By Jessica Federkeil, Point Park News Service:
Sherry Wimer has many concerns when it comes to caring for her mother, Ladonna Herbertson, 79, who suffers from dementia.
“I do everything for her,” Wimer, of Sarver, Pa., said. “I do all her finances; she wouldn’t even know where to begin. I do her shopping. I make sure she gets to the doctors. I give her her medications. I’m already doing things a nurse would be doing.”
One of Wimer’s biggest worries is how her mother will afford care as her health declines.
“I am always concerned about something, but I can’t worry about everything otherwise I’d go nuts,” Wimer said. “If she was more financially set – if she had money – there would be some things I wouldn’t worry as much about.”

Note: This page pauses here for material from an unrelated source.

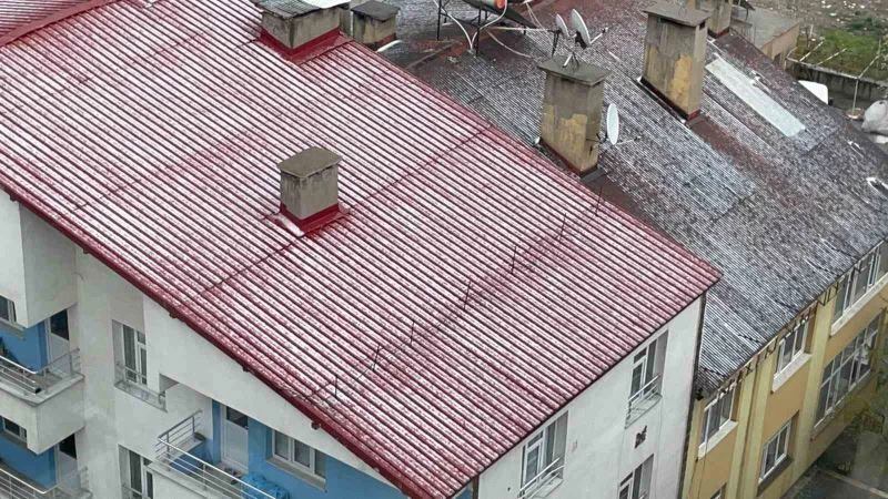 Bitlis’in Tatvan ilçesinde etkili olan dolu yağışı kenti beyaza bürüdü.

According to the Pennsylvania Heath Care Association (PHCA), the annual spending in the United States on long-term care alone has reached nearly $275 billion. Many individuals and families cannot cover the costs and services of care with their income and assets.
“It can be very expensive especially when you have no real income coming in,” Eric Kiehl, 47, PHCA spokesman, said. “Social Security isn’t meant to cover those kind of costs.”
So how do people pay for long-term care?
According to the PHCA, in Pennsylvania 47% of costs are covered by Medicaid, 23% by Medicare, 23% by families’ out-of-pocket expenses, less than 4% by Veterans and state programs, and less than 3% by private long-term care insurance policies.
The long-term care continuum often begins with a caregiver providing assistance with the six basic activities of daily living or ADLs. The ADLs are eating, bathing, dressing, toileting, transferring (walking) and continence. The long-term care continuum includes a full-time nurse, respite care, adult daycare, assisted living or a nursing home facility.
“There are a lot of options in the long-term care continuum. Most of those options are based on an individual’s acuity levels. An acuity level is their level of sickness,” Keihl said.
What’s the plan?
David Jeter, a financial advisor for more than 25 years, has to prepare his clients for the expense of living longer.
“When we meet with retirement and estate planning clients, we create a desired life-plan scenario,” Jeter said. “Then we spend time on the what-ifs.”
With retirement planning, Jeter said they also plan for the costs of long-term care.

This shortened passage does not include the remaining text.